Meta-analysis results
The main meta-analysis results of the correlation between rs895819 A > G and cancer susceptibility are listed in Table 2. In the overall analysis, we couldn't detect an association of the rs895819 polymorphism with cancer risk in all five genetic models. However, when analysis was stratified by ethnicity, a decreased cancer risk was observed in the Caucasian population (AG vs. AA: OR = 0.87, 95% CI = 0.79-0.96; GG+AG vs. AA: OR = 0.89, 95% CI = 0.81-0.98), while no significant correlation was found among Asians in all the genetic models (Table 2) (Figure 2).
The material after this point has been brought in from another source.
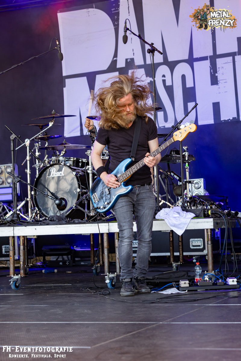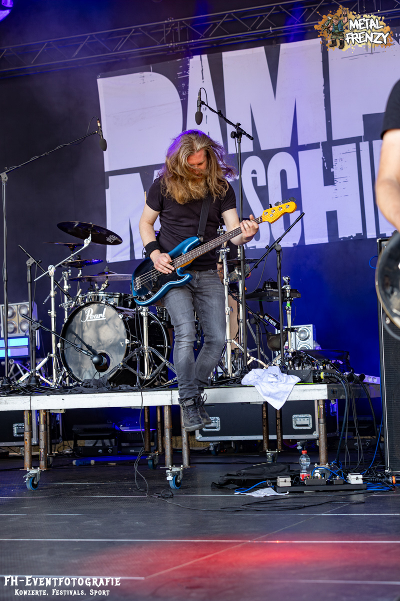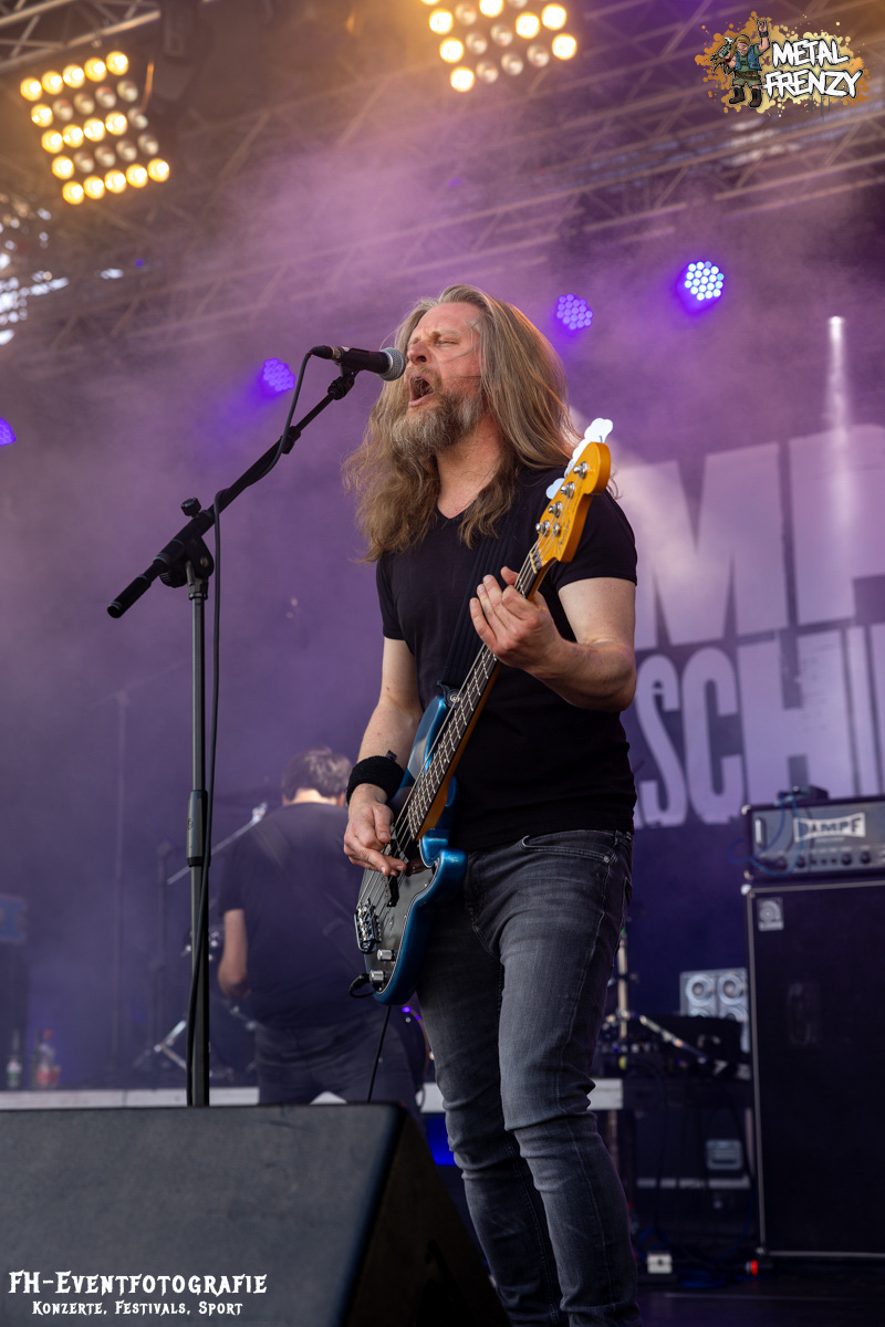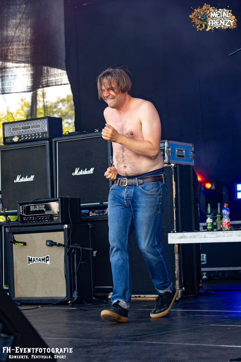 Den Abschluss für heute, also für diesen Bericht, bildet die Osnabrücker Band DAMPFMASCHINE. Neben Bands wie Out the Mouse und den Metal-Möhren scheinen sich über die Jahre noch ein paar Traditionen herauskristallisiert zu haben. Nämlich, dass fast immer eine Band aus dem beschaulichen Osnabrück auf dem Metal Frenzy spielt. Wer weiß, was die da im Wasser haben. Die Dampfmaschine mischte Hardcore mit Stoner und würzte das Ganze dann mit Punk. Alter ist bei denen da das Infield abgegangen. Abgedrehtes Mucke und dazu, als ob die Osnabrücker nicht nur Musiker stellen, die Geiles abliefern, scheinen sie auch Wettervoodoo zu beherrschen, gab die Sonne alles.

Moreover, the stratified analysis by cancer type revealed that rs895819 was associated with an increased risk of colorectal cancer (G vs. A: OR = 1.19, 95% CI = 1.08-1.32; GG vs. AA: OR = 1.58, 95% CI = 1.28-1.96; GG vs. AG+AA: OR = 1.58, 95% CI = 1.29-1.93), and a decreased risk of breast cancer (G vs. A: OR = 0.93, 95% CI = 0.87-0.99; GG+AG vs. AA: OR = 0.91, 95% CI = 0.83-0.99) (Table 2) (Figure 3). Nevertheless, we didn't find an association of the rs895819 polymorphism with risks of lung cancer, gastric cancer, prostate cancer, gallbladder cancer, cervical cancer, renal cell cancer, ovarian cancer and esophageal squamous cell carcinoma. We also performed the subgroup analysis by source of controls and the result indicated that there was no association between rs895819 and cancer risk in either population-based subgroup or hospital-based subgroup.
Table 2. Meta-analysis results of the association between rs895819 and cancer risk.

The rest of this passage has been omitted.